Wanita bersurai cokelat terang yang tengah duduk disudut café bernuansa klasik itu terus saja menatap arloji yang bertengger manis dipergelangan tangan kirinya. Sang klien berjanji akan datang pukul 11.00 pagi ini, telah 45 menit berlalu namun si pembuat janji belum menampakkan tanda-tanda kehadiran. Xena sudah berusaha menghubungi dan mengirimi pesan, namun tak ada jawaban.
Baiklah, jika dalam 15 menit kedepan si klien tak datang maka Xena memilih untuk meninggalkan tempat itu. Dirinya terlalu sibuk hanya untuk menunggu si klien yang ingkar janji.
14 menit berlalu, Xena sudah membereskan beberapa berkas yang dibawanya, ia sudah mengangkat bokongnya dari kursi, namun seorang wanita bersepatu stiletto merah menghampirinya "Bisakah kau kembali duduk, nona Roxena?
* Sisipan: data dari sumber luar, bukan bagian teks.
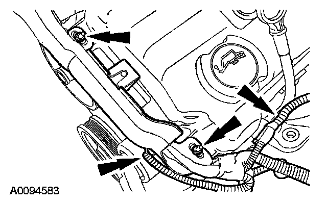 26. Remove the 3 nuts and the power steering pump, reservoir and tubes.

Aku hanya ingin bicara sebentar."
What the- mengagetkan saja, umpat Xena. Rasanya Xena ingin menyiram wanita itu dengan sisa minuman miliknya, jika saja si cantik nan angkuh tersebut bukan kliennya. Sudah telat namun tidak tau diri. Orang kaya memang begitu, suka semaunya sendiri, terlalu angkuh, merasa paling berkuasa.
Xena terus-terusan mengumpat dalam hati. Sabar Xena, sabar. Perlakukanlah klien pentingmu dengan baik, karirmu bisa terancam jika mencari masalah dengan wanita sepertinya.
Kedua wanita cantik itu sudah duduk manis siap membicarakan kerja sama yang akan mereka lakukan. "Baiklah nona Louisa, mari kita lanjutkan pembicaraan mengenai pemba-" kalimat Xena dipotong oleh si klien.
"Keputusanku telah bulat untuk membatalkan kerja sama ini."
Apa? Apakah Xena tak salah dengar? Tunggu, tunggu, ini semacam prank atau apa?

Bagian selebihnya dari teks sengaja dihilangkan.